FAQs About Opioids
What are opioids?
You may have heard people talking about opioids and not even realized it. Oxy, Percs, and Vikes are all slang terms for opioid pills.
Opioids are naturally found in the opium poppy plant. Some opioid medications are made from this plant while others are made by scientists in labs. Opioids have been used for hundreds of years to treat pain, cough, and diarrhea.
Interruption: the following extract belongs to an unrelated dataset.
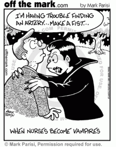 Vampire Nurse Artery A nurse becomes a vampire, but still has trouble finding an artery.

What are the most commonly used opioids?
The most commonly used prescription opioids are oxycodone (OxyContin®), hydrocodone (Vicodin®), codeine, and morphine. Heroin is an opioid, but it is not a medication. Fentanyl is a powerful prescription pain reliever, but it is sometimes added to heroin by drug dealers, causing doses so strong that people are dying from overdoses.
How do opioids work?
Only 1 in 100 young adults between the ages of 12 and 17 currently misuse prescription opioids.1
Your brain is full of molecules called receptors that receive signals from other parts of the body. Opioids attach to receptors on nerve cells in the brain, spinal cord, and other organs. This allows them to block pain messages sent from the body to the brain, which is why they are prescribed for serious injuries or illnesses.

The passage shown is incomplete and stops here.